Member of the Legislative Yuan
- In office 1 February 2002 – 31 January 2005
- Constituency: Taipei County 2
- In office 1 February 1990 – 31 January 1993
- In office 1 February 1981 – 31 January 1987

Personal details
- Born: 12 January 1946 Xinzhuang, Taipei County, Taiwan
- Died: 7 January 2025 (aged 78) Zhongzheng, Taipei, Taiwan
- Party: Independent
- Other political affiliations: Democratic Progressive Party (1987–2002) Non-Partisan Solidarity Union (2004–?) National Health Service Alliance [zh] (2011–2020)
- Education: National Taipei University of Technology (BS)

= Cheng Yu-cheng =

Taiwanese politician (1946–2025)

Cheng Yu-cheng (鄭余鎮 (Zhèng Yúzhèn); 12 January 1946 – 7 January 2025) was a Taiwanese politician.

==Background==
Cheng was born on 12 January 1946. His father Cheng Chien-bang was active in the tangwai movement. The younger Cheng studied at the National Taipei University of Technology. Cheng Yu-cheng died of a heart attack at National Taiwan University Hospital on 7 January 2025, at the age of 78.

==Political career==
Cheng was raised in what became Xinzhuang District of New Taipei. He began his political career as leader of the area in 1977, before taking a seat on the Legislative Yuan in 1981. He won a second term in 1983, but lost the 1986 elections. Shortly thereafter, Cheng joined the Democratic Progressive Party. He returned to the legislature in 1990 as a DPP representative. Cheng subsequently lost a string of elections until regaining his seat in 2001. In August 2002, Cheng flew to the United States, after he and his legislative aide Sophie Wang had reportedly married in July. He retained former legislative colleague Chiu Chang as his legal representative while seeking a divorce from his wife Lu Pei-ying.

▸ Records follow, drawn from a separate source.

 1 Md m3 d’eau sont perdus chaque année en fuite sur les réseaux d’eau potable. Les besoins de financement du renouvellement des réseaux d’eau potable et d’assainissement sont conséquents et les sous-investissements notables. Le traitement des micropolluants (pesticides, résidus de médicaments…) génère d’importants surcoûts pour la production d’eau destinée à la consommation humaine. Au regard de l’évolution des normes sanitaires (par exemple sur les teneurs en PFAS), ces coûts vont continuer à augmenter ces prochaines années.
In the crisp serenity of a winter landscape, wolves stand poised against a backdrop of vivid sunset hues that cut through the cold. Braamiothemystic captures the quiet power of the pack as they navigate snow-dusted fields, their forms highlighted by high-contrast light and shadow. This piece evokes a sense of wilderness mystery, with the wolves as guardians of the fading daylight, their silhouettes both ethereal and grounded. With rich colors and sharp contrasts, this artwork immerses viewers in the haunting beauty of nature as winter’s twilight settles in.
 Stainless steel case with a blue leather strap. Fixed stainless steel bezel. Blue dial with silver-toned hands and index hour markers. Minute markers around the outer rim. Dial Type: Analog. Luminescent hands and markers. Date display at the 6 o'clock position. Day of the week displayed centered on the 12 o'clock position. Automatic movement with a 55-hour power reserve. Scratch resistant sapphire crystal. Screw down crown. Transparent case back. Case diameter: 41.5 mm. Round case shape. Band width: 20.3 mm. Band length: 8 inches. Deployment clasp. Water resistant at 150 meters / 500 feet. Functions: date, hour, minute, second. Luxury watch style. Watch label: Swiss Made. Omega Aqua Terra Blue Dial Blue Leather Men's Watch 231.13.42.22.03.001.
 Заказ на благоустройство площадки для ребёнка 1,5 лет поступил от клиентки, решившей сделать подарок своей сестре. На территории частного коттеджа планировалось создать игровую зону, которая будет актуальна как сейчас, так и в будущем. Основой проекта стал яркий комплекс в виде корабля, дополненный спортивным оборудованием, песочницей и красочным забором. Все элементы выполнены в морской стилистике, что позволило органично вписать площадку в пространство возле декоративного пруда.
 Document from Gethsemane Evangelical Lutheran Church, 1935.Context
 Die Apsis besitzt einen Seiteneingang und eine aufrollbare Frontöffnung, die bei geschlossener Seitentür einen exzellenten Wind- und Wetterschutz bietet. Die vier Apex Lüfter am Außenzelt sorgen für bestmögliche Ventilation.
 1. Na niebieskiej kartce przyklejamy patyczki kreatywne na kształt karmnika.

However, the divorce was never finalized. Cheng kept his position as a legislator, but left the Democratic Progressive Party in November 2002, days before he was formally expelled. Cheng then became an independent before joining the Non-Partisan Solidarity Union upon its founding in June 2004. He ran for the Legislative Yuan twice thereafter, in the 2004 and 2012 elections.